-- EXERCISE GOAL --
Print every line below exactly. Skip the pictures.

-- Collection entries --
● ● ●
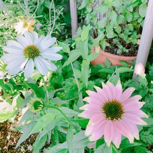 小庭でほぼ放置のお花たち。 手抜きじゃなくて たぶん放置が好きなタイプなの🤭 ①こぼれ種からのエキナセア♪ 小さな芽がまだまだいます👀✨️ ②4~5年目のストケシア🌸 年々少しお花が増える程度で爆増しないところが助かる😙 ヒラヒラがギュッと集まったお花がかわいい🩷 ③どこに植えてもポツポツしか咲かないゲラニウム💜 これでもお花が多いほう🤣 環境があってないはわかっているので、枯れないでくれるだけありがたい笑 ④大好きなハーブ🌿.∘ クラリーセージの花穂が上がってきました٩(ˊᗜˋ*)و♪ ⑤花後カットしたアマリリスから2番花の茎がぐんぐん伸びて、あっという間に咲きました🤍 もう終わりだと思っていたのに、うれしい~🥰
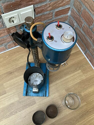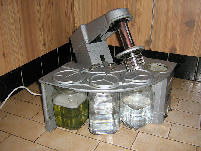 Die ronde glazen pot hoort eigenlijk niet bij de machine, normaal horen dat vierkante potten te zijn zoals lassale in zijn machine laat zien. In ronde potten kun je niks schoonkrijgen omdat het schoonmaak vloeistof even hard mee rond gaat draaien als de korf, Daarom worden vierkanten potten gebruikt zodat er een werveling ontstaat. Om jou schoonmaakmachine in orde te krijgen zal je 3 vierkante potten met deksel moeten zoeken. Dan zal je een korf houder en de korfjes moeten aanschaffen. Daarna zal je een vierkante bak moeten maken, waar je de metalen voet van de machine op vast kan zetten op de bodem van de bak, kan van hout, dan wat ruimte en weer een plaat waar je de potten in kan zetten. Zoals lassale in het rond heeft kun je die ook vierkant maken zodat je de zijkanten makkelijker dicht kunt maken.
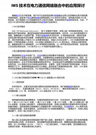 IMS技术在电力通信网络融合中的应用探讨 随着电力行业不断发展,用户对于比较新型的通行网络融合业务以及多媒体业务方面的需求越来越多。因此各个电力通信网络运营商选择以IMS技术作为依托,进而逐步实现IMS系统实验。由于我国在IMS网络融合技术上起步比较晚,在实际的技术应用经验尚浅,为此,下文对IMS技术在电力通信网络融合中的应用进行实际探讨。 1 IMS技术概述 IMS(IP Multimedia Subsystem),即IP多媒体子系统,本质上是一种网络体系架构。IMS最初应用于移动领域,...
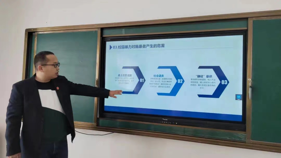 講座以《加強(qiáng)防范意識(shí)遠(yuǎn)離校園暴力》為主題,普法志愿者以簡(jiǎn)單的互動(dòng)問(wèn)答為開(kāi)場(chǎng),用通俗易懂的語(yǔ)言、簡(jiǎn)單實(shí)用的法律知識(shí),圍繞校園暴力的含義、種類(lèi)及危害、產(chǎn)生的原因、預(yù)防及處理方法等四個(gè)方面,詳細(xì)講授了面對(duì)校園暴力的時(shí)候如何保護(hù)自己、不當(dāng)冷漠的旁觀者,大膽地向施暴者說(shuō)“不”。
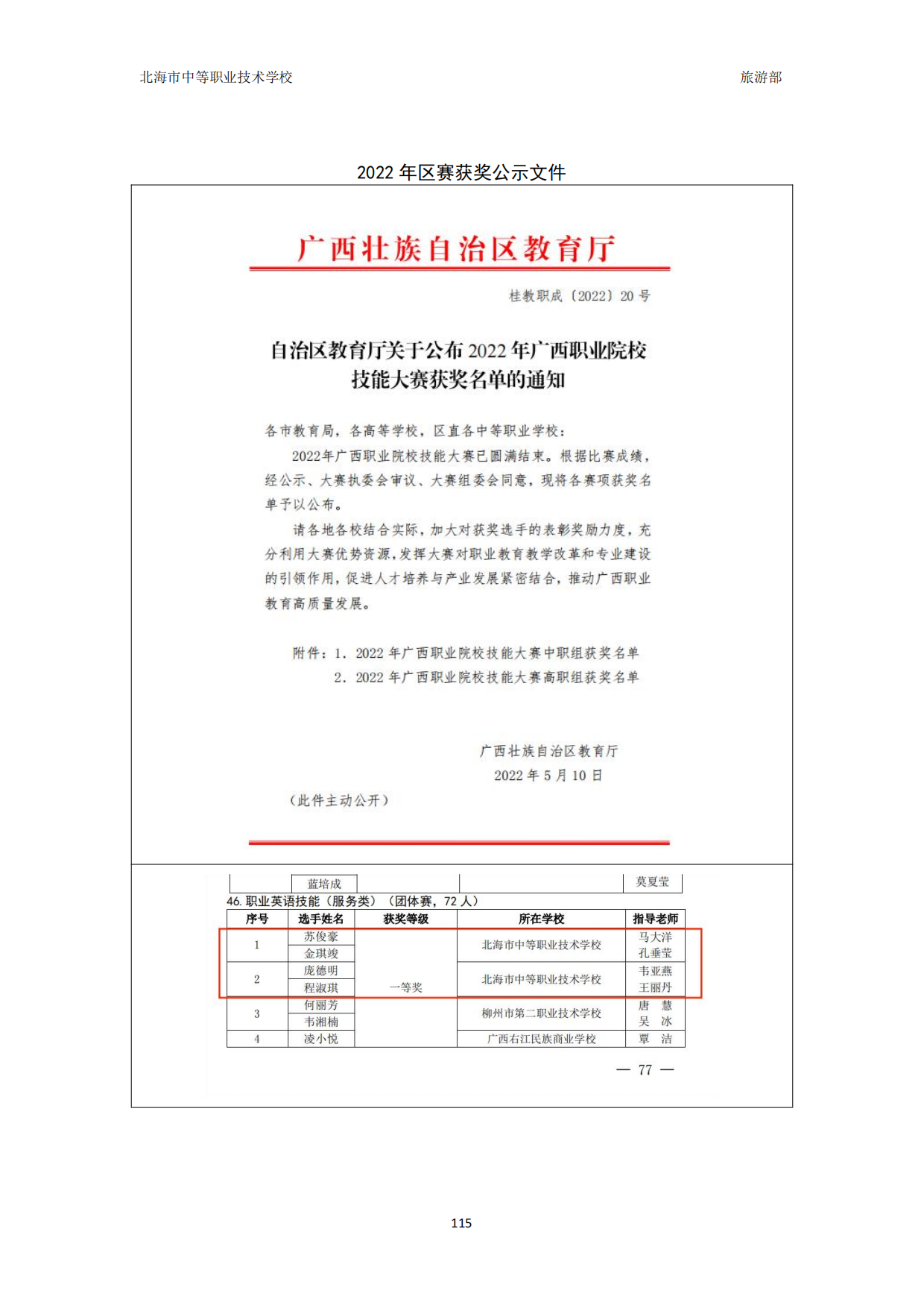 广西中等职业学校品牌专业建设与发展标志性成果佐证材料
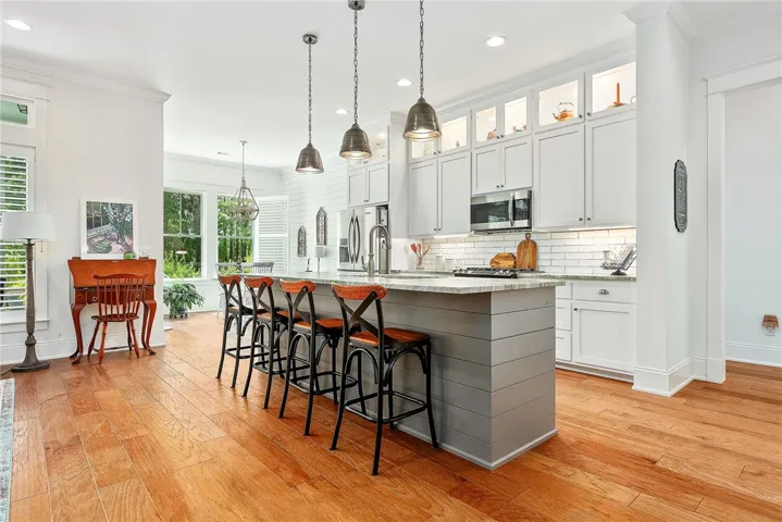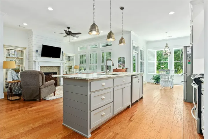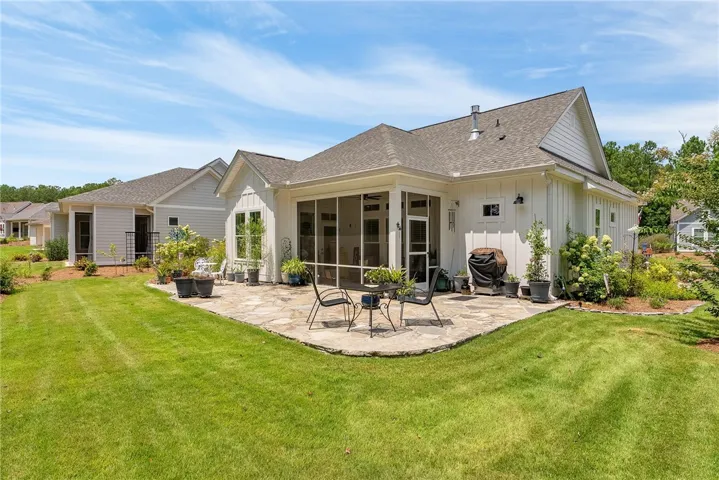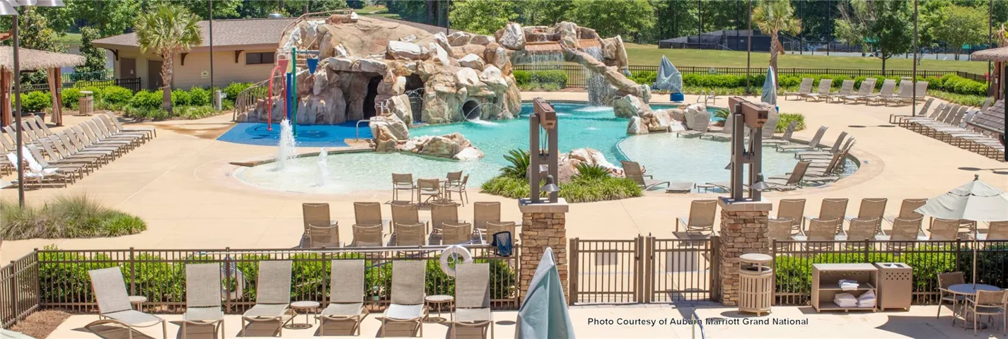 Come for the football game, stay for the world-class golf & spa! National Village offers the best in comfort & convenience as showcased in this move-in ready, immaculate one story, Craftsman-style home. Premium lot w 180° golf course view. No detail overlooked, beautifully appointed w plantation shutters, 12 ft. ceilings, deep crown molding in every room, hardwood floors in main living area. Kitchen features leathered granite counters, triple sink, gas cooktop, undermount lighting, walk in pantry. Living room has lots of natural light, stacked marble fireplace, flanked by designer etageres which remain. Screened in porch overlooks the XL blue stone patio & RTJ golf course! Cottage-style landscaping. HOA provides lawn care, use of Marriott Grand National’s resort style pools, dry sauna, exercise rm, clay tennis courts, pickleball courts, wooded nature trails, use of Saugahatchee Lake, complimentary play on short course & unlimited range balls at RTJ. Here, every day feel like vacation!
● ● ●
-- WORKED SOLUTION --
 小庭でほぼ放置のお花たち。 手抜きじゃなくて たぶん放置が好きなタイプなの🤭 ①こぼれ種からのエキナセア♪ 小さな芽がまだまだいます👀✨️ ②4~5年目のストケシア🌸 年々少しお花が増える程度で爆増しないところが助かる😙 ヒラヒラがギュッと集まったお花がかわいい🩷 ③どこに植えてもポツポツしか咲かないゲラニウム💜 これでもお花が多いほう🤣 環境があってないはわかっているので、枯れないでくれるだけありがたい笑 ④大好きなハーブ🌿.∘ クラリーセージの花穂が上がってきました٩(ˊᗜˋ*)و♪ ⑤花後カットしたアマリリスから2番花の茎がぐんぐん伸びて、あっという間に咲きました🤍 もう終わりだと思っていたのに、うれしい~🥰
 Die ronde glazen pot hoort eigenlijk niet bij de machine, normaal horen dat vierkante potten te zijn zoals lassale in zijn machine laat zien. In ronde potten kun je niks schoonkrijgen omdat het schoonmaak vloeistof even hard mee rond gaat draaien als de korf, Daarom worden vierkanten potten gebruikt zodat er een werveling ontstaat. Om jou schoonmaakmachine in orde te krijgen zal je 3 vierkante potten met deksel moeten zoeken. Dan zal je een korf houder en de korfjes moeten aanschaffen. Daarna zal je een vierkante bak moeten maken, waar je de metalen voet van de machine op vast kan zetten op de bodem van de bak, kan van hout, dan wat ruimte en weer een plaat waar je de potten in kan zetten. Zoals lassale in het rond heeft kun je die ook vierkant maken zodat je de zijkanten makkelijker dicht kunt maken.
 IMS技术在电力通信网络融合中的应用探讨 随着电力行业不断发展,用户对于比较新型的通行网络融合业务以及多媒体业务方面的需求越来越多。因此各个电力通信网络运营商选择以IMS技术作为依托,进而逐步实现IMS系统实验。由于我国在IMS网络融合技术上起步比较晚,在实际的技术应用经验尚浅,为此,下文对IMS技术在电力通信网络融合中的应用进行实际探讨。 1 IMS技术概述 IMS(IP Multimedia Subsystem),即IP多媒体子系统,本质上是一种网络体系架构。IMS最初应用于移动领域,...
 講座以《加強(qiáng)防范意識(shí)遠(yuǎn)離校園暴力》為主題,普法志愿者以簡(jiǎn)單的互動(dòng)問(wèn)答為開(kāi)場(chǎng),用通俗易懂的語(yǔ)言、簡(jiǎn)單實(shí)用的法律知識(shí),圍繞校園暴力的含義、種類(lèi)及危害、產(chǎn)生的原因、預(yù)防及處理方法等四個(gè)方面,詳細(xì)講授了面對(duì)校園暴力的時(shí)候如何保護(hù)自己、不當(dāng)冷漠的旁觀者,大膽地向施暴者說(shuō)“不”。
 广西中等职业学校品牌专业建设与发展标志性成果佐证材料
 Come for the football game, stay for the world-class golf & spa! National Village offers the best in comfort & convenience as showcased in this move-in ready, immaculate one story, Craftsman-style home. Premium lot w 180° golf course view. No detail overlooked, beautifully appointed w plantation shutters, 12 ft. ceilings, deep crown molding in every room, hardwood floors in main living area. Kitchen features leathered granite counters, triple sink, gas cooktop, undermount lighting, walk in pantry. Living room has lots of natural light, stacked marble fireplace, flanked by designer etageres which remain. Screened in porch overlooks the XL blue stone patio & RTJ golf course! Cottage-style landscaping. HOA provides lawn care, use of Marriott Grand National’s resort style pools, dry sauna, exercise rm, clay tennis courts, pickleball courts, wooded nature trails, use of Saugahatchee Lake, complimentary play on short course & unlimited range balls at RTJ. Here, every day feel like vacation!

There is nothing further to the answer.